Маленький, уютный, вымощенный дорогим желтым камнем Благовещенский собор. Там были иконы, которые писали знаменитые древнерусские художники: Феофан Грек, Андрей Рублев, Прохор и Дионисий. Мне все это показала мама, а потом я много раз слышал от экскурсоводов.
И еще была одна церковь, пристроенная к Грановитой палате. Домашняя церковь русских царей. Там в витринах лежали старинные кресты, золотые книжные переплеты, медные иконы с разноцветной эмалью. Я любил все это рассматривать.
Про Царь-пушку и Царь-колокол я и не говорю! Все мальчишки пыхтели и пытались хоть чуточку сдвинуть с места осколок колокола. И лазали на постамент Царь-пушки, и трогали громадную пушку и страшную зубастую морду чудовища на лафете.
Входить в Кремль можно было через Боровицкие ворота – это угол около Каменного моста, через Троицкие ворота – это где сейчас входят, и даже через Спасские ворота, самые главные, которые смотрят на Красную площадь, где на башне часы-куранты.
В Александровском саду, около Боровицких ворот, прямо у Кремлевской стены была высокая горка – от стены вниз. Летом там была трава, а зимой можно было кататься на санках. Скатываться вниз по длинным ледяным полоскам – прямо на аллею. Хотя на санках мало кто катался. Все катались на фанерках и даже на картонках. У меня, конечно, были санки, но я тоже больше любил на фанерке. Домой приходил весь в снегу. Ледяные шарики намерзали на мои шерстяные «зимние штаны». Такие вроде рейтуз, с резинками внизу.
Если выйти из нашего двора и пойти налево, то довольно скоро выйдешь на улицу Герцена (сейчас она, как в старину, снова называется Большая Никитская). А на другой стороне – большое здание с колоннами. Вход с угла, а сверху каменными буквами написано: «Зоологический музей». Я туда тоже все время ходил – сначала с мамой, а потом сам.
Там было интересно. На первом этаже – скелеты слона и мамонта, крокодил метров шесть длиной, сверкающие бабочки в плоских стеклянных коробках. А на втором этаже – птицы и звери. То есть млекопитающие. То есть зубры и бизоны, зайцы и выдры, лисы и волки, тигры и львы. И всевозможные обезьяны. То есть их чучела.
А после всех мартышек, горилл и шимпанзе – в стеклянной витрине стоял скелет человека.
Я его боялся. Даже не знаю почему. Мальчишки во дворе и особенно на даче, по вечерам, рассказывали всякие страшные истории о привидениях и мертвецах, а я ни капли не боялся. Но вот на этот настоящий скелет мне было страшно смотреть. Поэтому я к той витрине близко не подходил. Смотрел краем глаза и отворачивался.
В рассказе «Друг детства» Дениска думает, кем ему быть.
Сначала он хочет быть начальником станции метро. Ходить по платформе в красной фуражке и кричать толстым голосом «Гото-ов!». Тут, конечно, Дениска слегка перепутал. Не начальник станции, а дежурный на платформе.

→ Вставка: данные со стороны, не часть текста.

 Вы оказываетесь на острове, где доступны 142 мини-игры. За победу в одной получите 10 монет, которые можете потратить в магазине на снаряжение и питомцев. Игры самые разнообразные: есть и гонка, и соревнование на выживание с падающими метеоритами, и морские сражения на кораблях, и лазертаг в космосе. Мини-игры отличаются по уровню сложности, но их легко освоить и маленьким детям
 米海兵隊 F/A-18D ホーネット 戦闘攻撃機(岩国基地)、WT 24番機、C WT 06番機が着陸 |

Раньше такие дежурные встречали и провожали каждый поезд. Когда двери закрывались, дежурный смотрел вдоль поезда, все ли в порядке. А вдруг в дверях застрял чей-то плащ, чемодан или нога? Если все было нормально, он кричал машинисту: «Гото-ов!» И поезд трогался.

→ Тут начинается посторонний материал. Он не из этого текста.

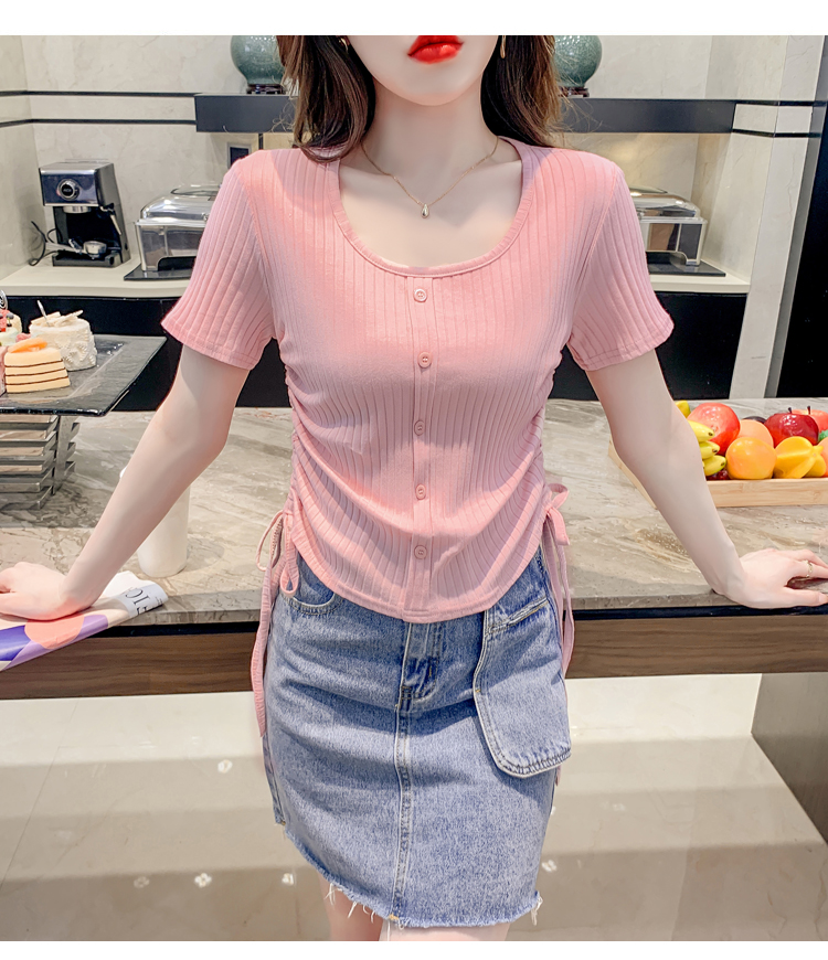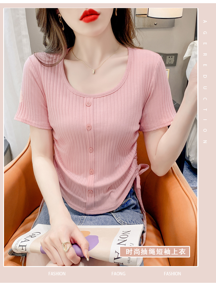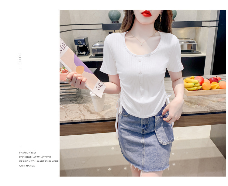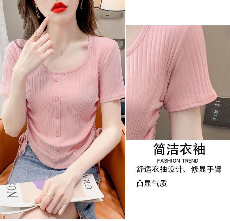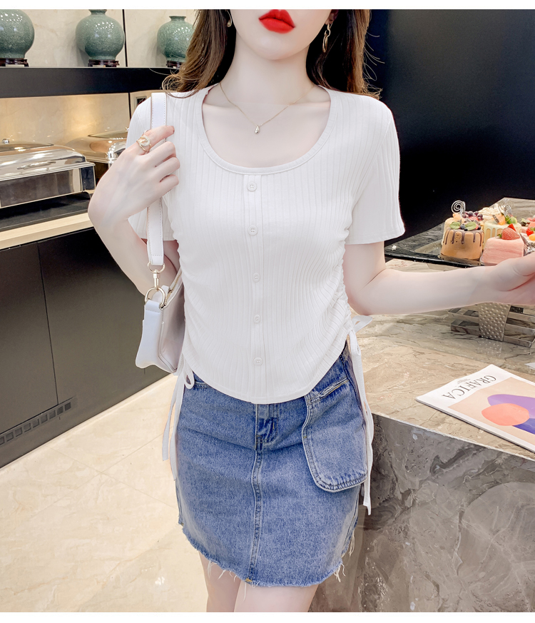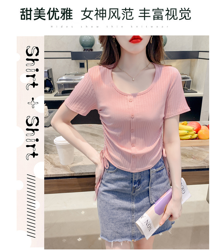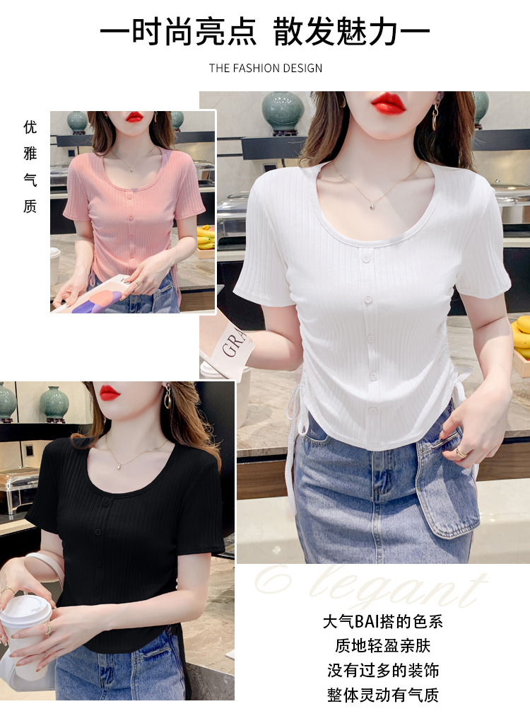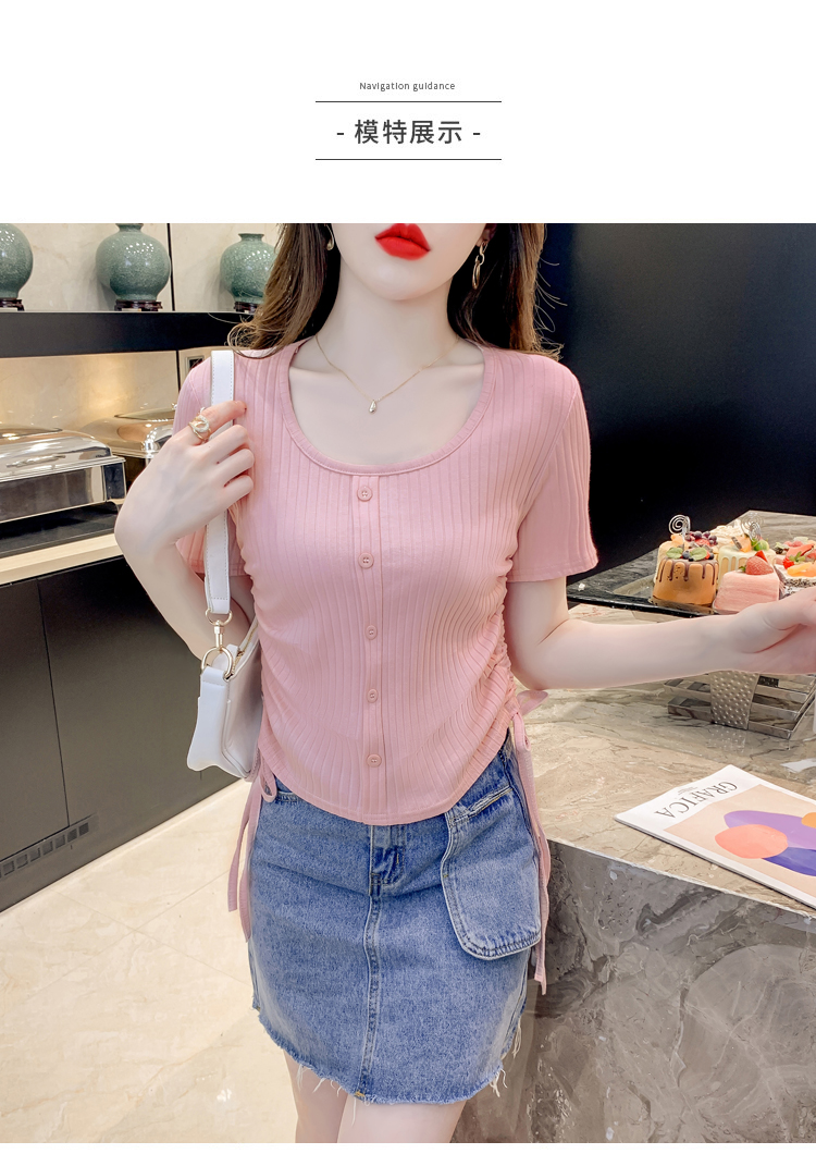 RM5693#设计感u领抽绳短袖t恤打底衫女新款2023夏季辣妹修身短款上衣

А потом Дениска хочет стать боксером. «Потому что я увидел в телевизоре розыгрыш первенства Европы по боксу».
На самом деле я видел этот чемпионат не по телевизору, а по-настоящему.
Мы с папой были в Лужниках на финальных боях. Это было в июне 1963 года, мне было уже двенадцать лет.

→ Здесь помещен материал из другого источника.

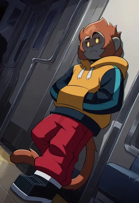 alternate costume, alt3, yellow hoodie, navy blue sleeves, teal stripe, red pants, black shoes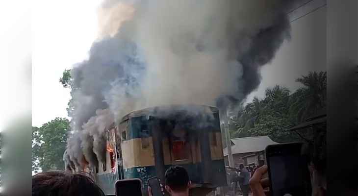 গাজীপুরে ট্রেনের বগিতে আগুন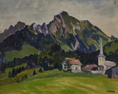 Estavannens-Dessus, huile sur carton, signée, 39x47 cm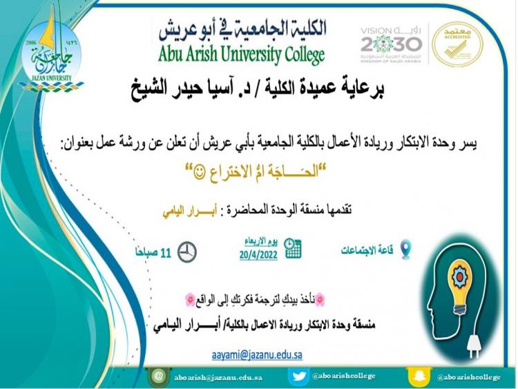 نظمت وحدة الابتكار وريادة الأعمال اليوم الخميس الموافق 21/4/2022 ورشة عمل بعنوان (الحاجة أم الاختراع) بالتزامن مع اليوم العالمي للابتكار وريادة الأعمال، والتي قدمتها منسقة الوحدة م. أبرار اليامي بقاعة الاجتماعات بالكلية.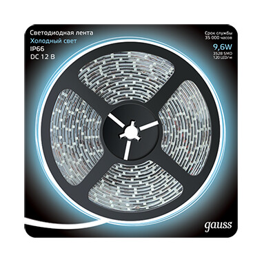 Лента LED 2835/120-SMD 9.6W 12V DC холодный белый IP66 (блистер 5м), Тип 2835, 9,6Вт, 12В

Это было потрясающе. Какие были тогда у нас боксеры! Невероятный Валерий Попенченко – он в финале дрался с румыном и уложил его в нокдаун на пятой секунде, а в нокаут на двадцатой! Ричардас Тамулис, Борис Лагутин – тоже прославленные бойцы. Нашему тяжеловесу Дану Поздняку не повезло в бою против знаменитого польского боксера Петшиковского, тот ему в первом раунде случайно рассек бровь. По правилам, в этом случае бой продолжать нельзя, так что Поздняку засчитали поражение.